───── DATA TO EXAMINE
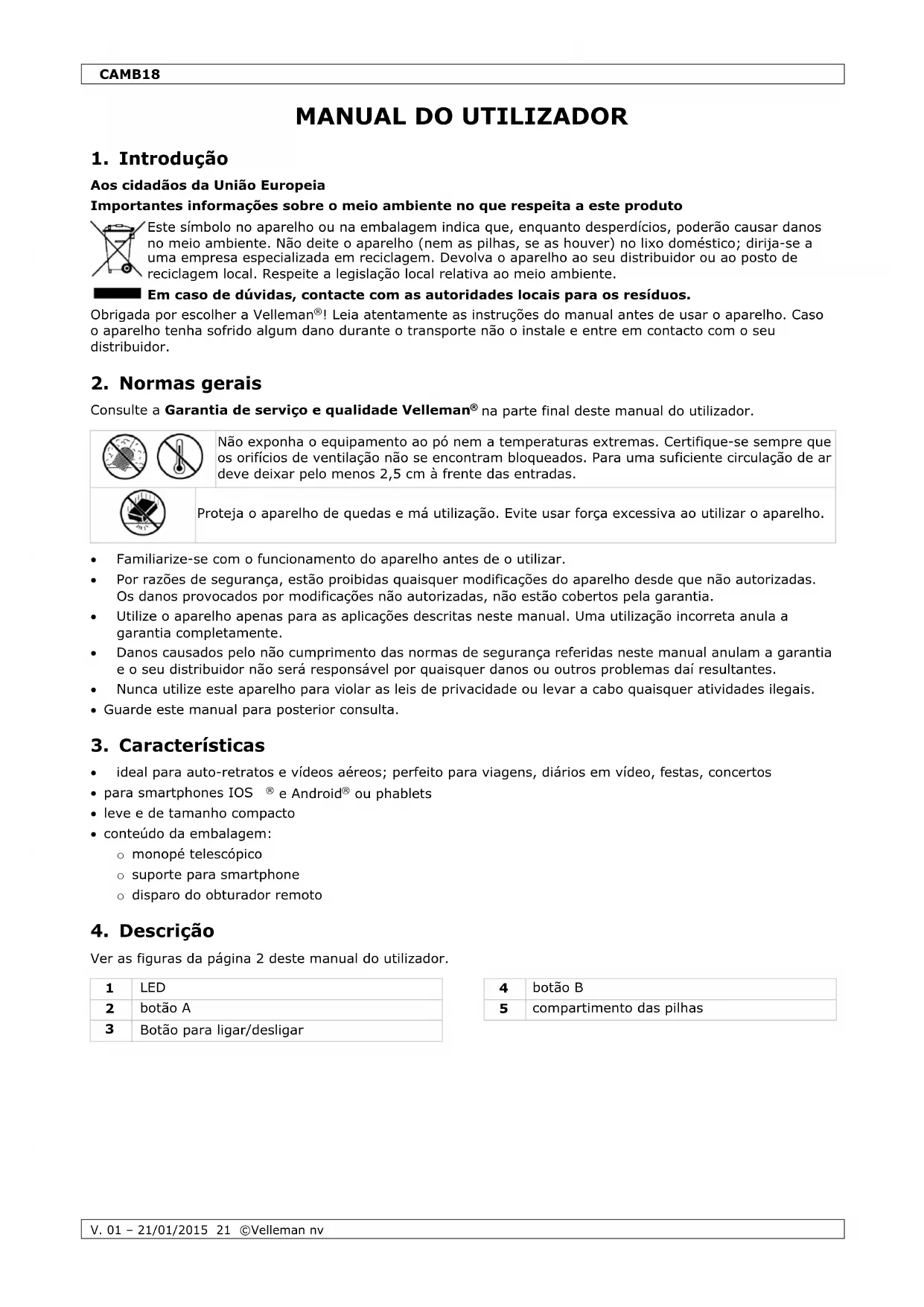 Baixe as instruções para o seu Tripé em formato PDF gratuitamente! Encontre o seu manual CAMB18 - VELLEMAN e retome o controlo do seu dispositivo eletrónico. Nesta página estão publicados todos os documentos necessários para a utilização do seu dispositivo. CAMB18 da marca VELLEMAN.
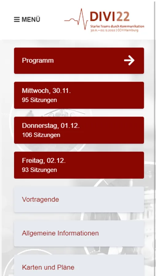 Diese App präsentiert den 22. Kongress der DIVI, vom 30. November bis 2. Dezember 2022 in Hamburg.
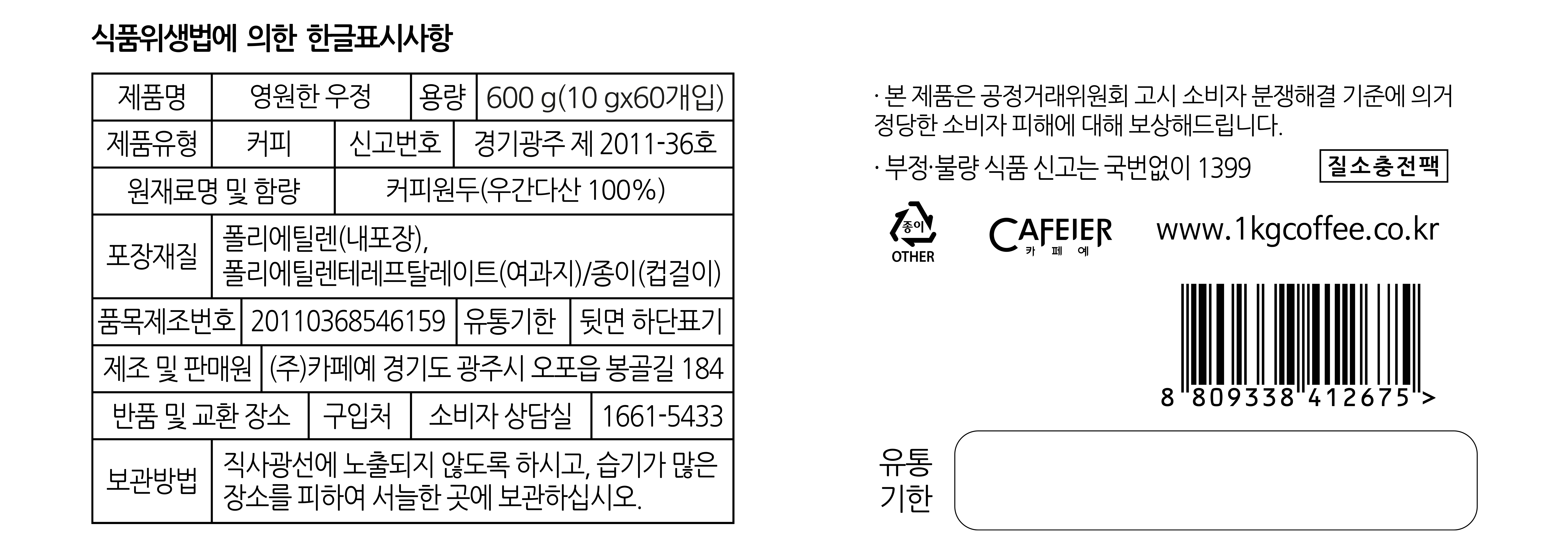 | 생산자 및 소재지 | 컨텐츠 참조 | 제조연월일, 소비기한 또는 품질유지기한 | 소비기한(또는 유통기한) : 2026년 09월 14일 이거나 그 이후인 상품<br />제조년월일 : 2025년 09월 15일 이후인 제조상품 |
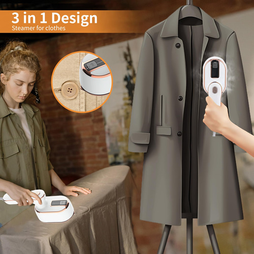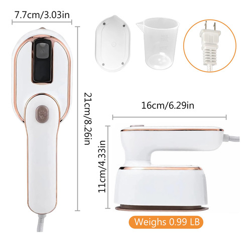Ferro a vapor de viagem, vaporizador portátil de roupas Travel Mini, vaporizador de roupas portátil, portátil para viagens, 180 giratórios, para passar roupas e cozinhar a vapor, 2 em 1, itens essenciais para dormitórios, manual para roupas, multidirecional, aplicável, adequado para roupas de todos os tamanhos/espessuras — Ótimo design: nosso ferro a vapor para roupas possui um design elegante e funcional que é perfeito para viajantes e uso doméstico parecidos. (Preste atenção aos padrões de eletricidade para viagens internacionais) – Mini e leve: seu tamanho compacto e sua construção leve o tornam incrivelmente portátil, garantindo que você possa transportá-lo facilmente aonde quer que vá. Adequado para roupas de todos os tamanhos/espessuras. – Alça versátil: a alça deste vaporizador portátil pode ser girada 180 graus, facilitando o alcance até mesmo das rugas mais complicadas de suas roupas. – Tanque de água generoso: com 100 ml tanque de água com capacidade, você pode vaporizar várias roupas sem reabastecer constantemente, economizando tempo e esforço. – Potente e rápido: este vaporizador oferece alta potência e aquece rapidamente, proporcionando uma remoção rápida e eficiente de rugas. Além disso, oferece uma mudança conveniente para o modo vaporizador, com o vapor pronto para ser ejetado em apenas 3 segundos.
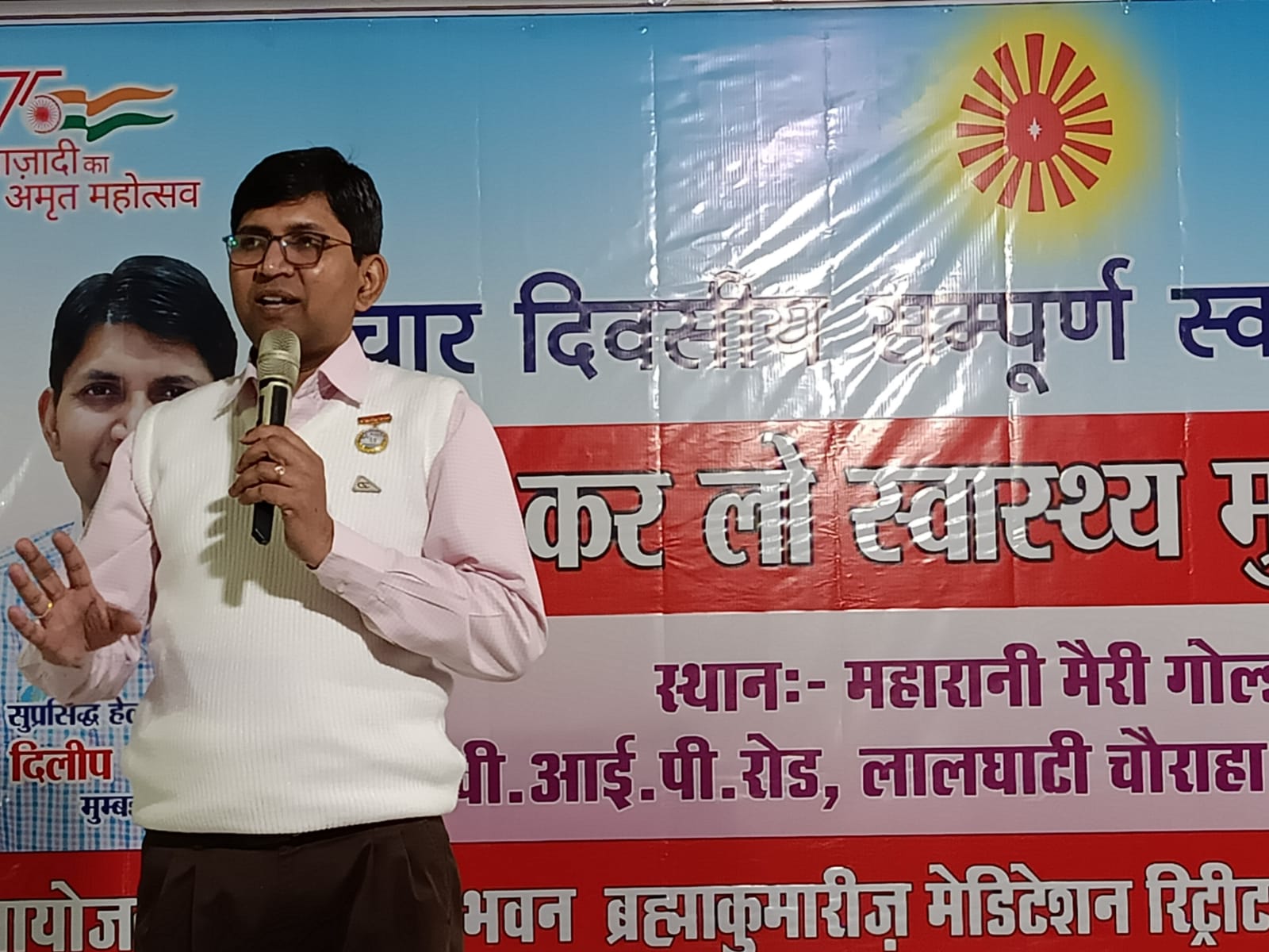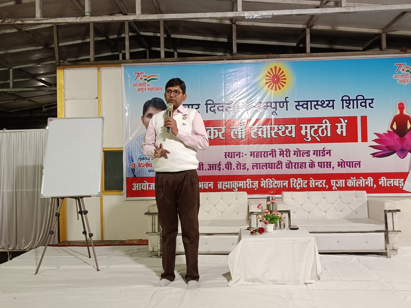 डॉ. नलगे प्रजापिता ब्रह्माकुमारी ईश्वरीय विश्व विद्यालय द्वारा मेरी गोल्ड गार्डन, लालघाटीमें आयोजित कर लो स्वास्थ्य मुट्ठी में के तीसरे दिन “सकारात्मक विचार और स्वास्थ्य” विषय पर बोल रहे थे। उन्होंने तनाव को खत्म करने का सबसे बढिय़ा इलाज राजयोग मेडिटेशन को बतलाते हुए कहा कि इससे आत्मा को पूरा आराम मिलता है। इसलिए तनाव से बचने के लिए हर परिस्थिति में खुश रहना सीखें और मेडिटेशन के माध्यम से अपनी आन्तरिक क्षमता को बढ़ाएँ।
──────────
EXERCISE REQUIREMENTS: Go back to the listing above and reproduce, exactly, the stretch from the line bearing "Diese App präsentiert" through the line bearing "15일 이후인 제조상품 |", without its pictures.

THE ANSWER:
 Diese App präsentiert den 22. Kongress der DIVI, vom 30. November bis 2. Dezember 2022 in Hamburg.
 | 생산자 및 소재지 | 컨텐츠 참조 | 제조연월일, 소비기한 또는 품질유지기한 | 소비기한(또는 유통기한) : 2026년 09월 14일 이거나 그 이후인 상품<br />제조년월일 : 2025년 09월 15일 이후인 제조상품 |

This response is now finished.